New Delhi: Deep neural networks – a technology which has been in the works for over a decade and provides crucial insights into how human beings perceive things – evolved a bit further as researchers found some fascinating new facts.
A team of researchers at the Centre for Neuroscience (CNS) at the Indian Institute of Science (IISc) recently conducted a study to compare the visual perception of the deep neural networks to that of humans.
They found that the deep networks are capable of seeing the very objects humans see, they just see it ‘differently’.
What are deep neural networks?
Deep neural networks are machine learning systems inspired by the network of brain cells or neurons in the human brain, which can be trained to perform specific tasks.
These networks have played a pivotal role in helping scientists understand how our brains perceive the things that we see.

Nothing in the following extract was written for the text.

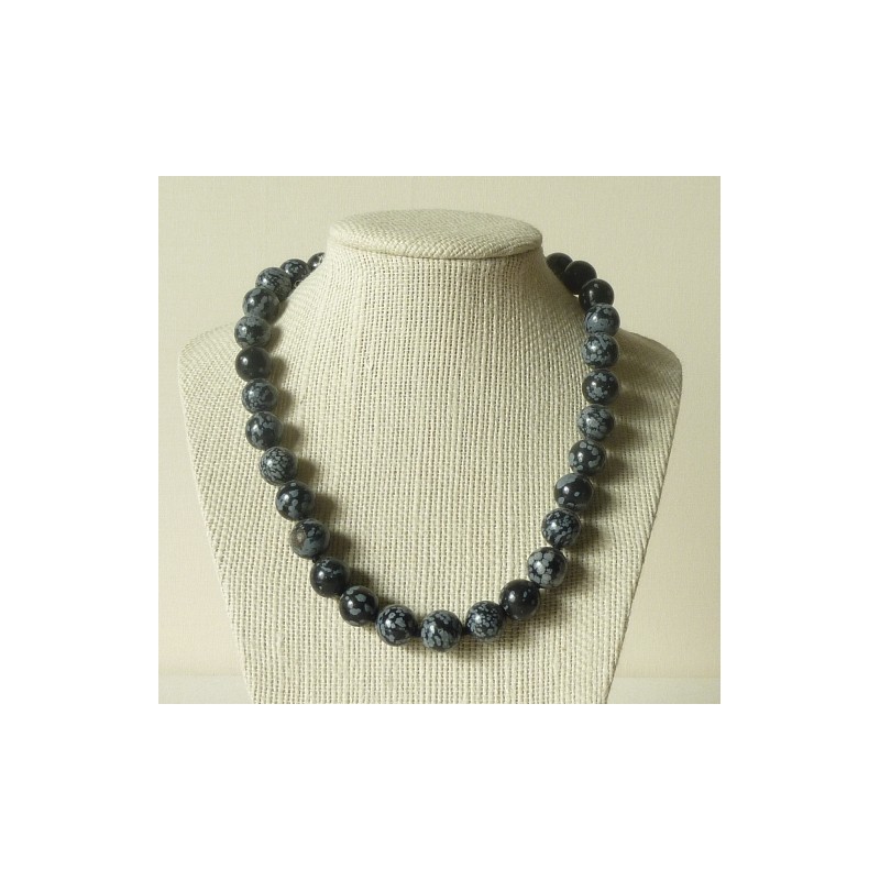 Bello collar en Obsidiana nevada, perlas redondas de 12mm

Although deep networks have evolved significantly over the past decade, they are still nowhere close to performing as well as the human brain in perceiving visual cues.
How do deep networks act differently from humans?

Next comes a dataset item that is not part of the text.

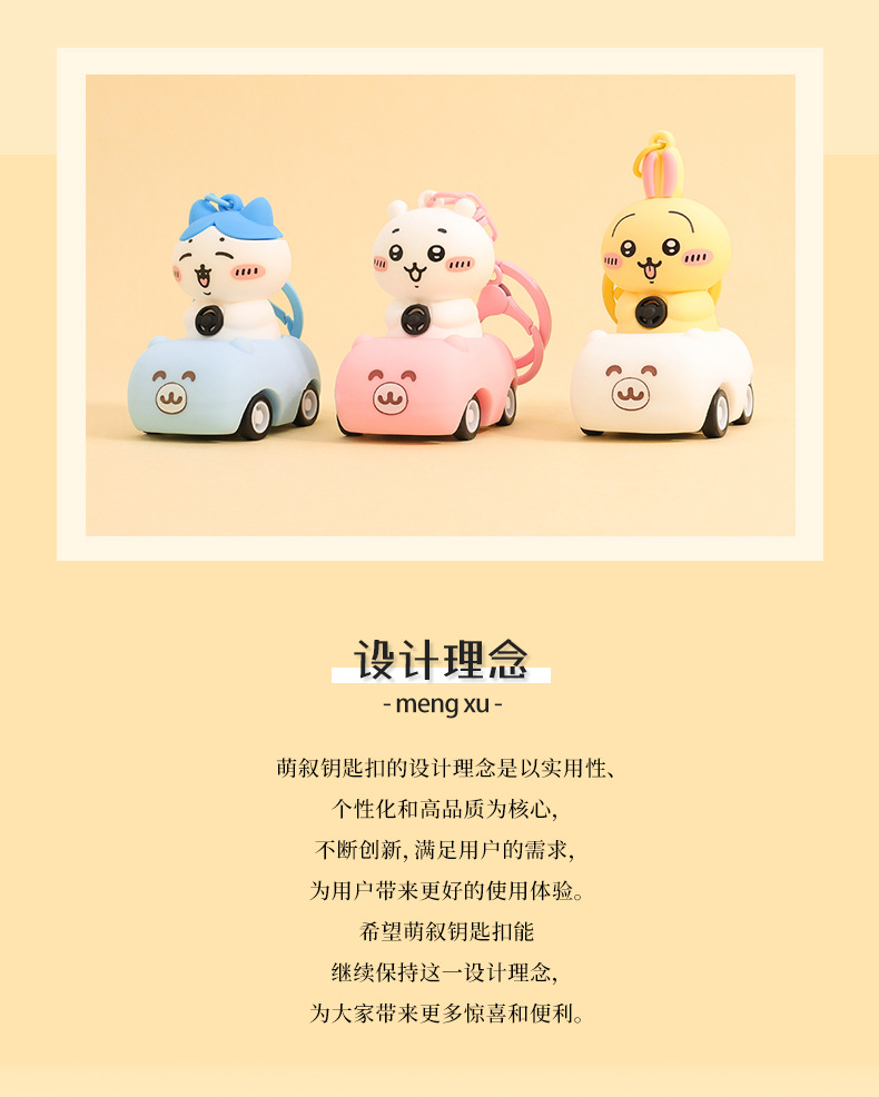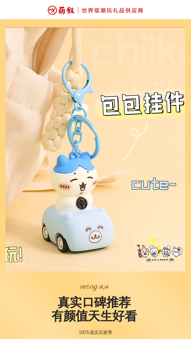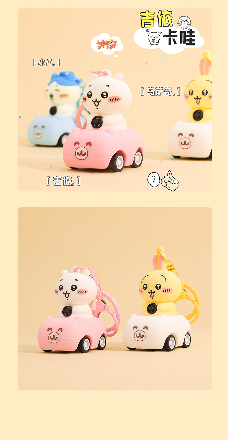 일본 chiikawa 풀백 자동차 만화 키 체인 창조적 인 Jiyika wow 인형 학생 책가방 펜던트 도매스토어 가기

A team led by SP Arun, Associate Professor at CNS, studied 13 different perceptual effects and uncovered previously unknown qualitative differences between deep networks and the human brain.
“Lots of studies have been showing similarities between deep networks and brains, but no one has really looked at systematic differences,” said Arun, who is the senior author of the study.

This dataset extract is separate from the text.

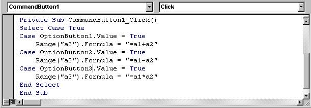 OptionButton (переключатель) – позволяет пользователю выбрать один из нескольких взаимно исключающих параметров. По умолчанию все переключатели на рабочем листе объединены в одну группу. Чтобы объединить несколько переключателей в новую группу, надо в диалоговом окне «Свойства» в строке GroupName установить название новой группы. ü Caption – текст, отображаемый рядом с переключателем; ü Value – устанавливает или возвращает состояние переключателя (True, False); Пусть имеется группа из 3-х переключателей. Требуется в зависимости от выбора переключателя, при нажатии на кнопку, осуществлять определенное арифметическое действие над двумя ячейками.

“Identifying these differences can push us closer to making these networks more brain-like,” he added.
Key findings of the study:
1. Deep networks exhibited the Thatcher effect which humans do too. The Thatcher effect is a phenomenon where humans find it easier to recognize local feature changes in an upright image, but this becomes difficult when the image is flipped upside-down.
2. Mirror confusion: To humans, mirror reflections along the vertical axis appear more similar than those along the horizontal axis. The researchers found that deep networks also show stronger mirror confusion for vertical compared to horizontally reflected images.
3. Another phenomenon peculiar to the human brain is that it focuses on coarser details first. This is known as the global advantage effect. For example, when presented with an image of a face, humans first look at the face as a whole, and then focus on finer details like the eyes, nose, mouth, and so on.
“Surprisingly, neural networks showed a local advantage,” said Georgin Jacob, first author and Ph.D. student at CNS. This means that unlike the brain, the networks focus on the finer details of an image first.
Therefore, even though these neural networks and the human brain carry out the same object recognition tasks, the steps followed by the two are very different, concluded the study.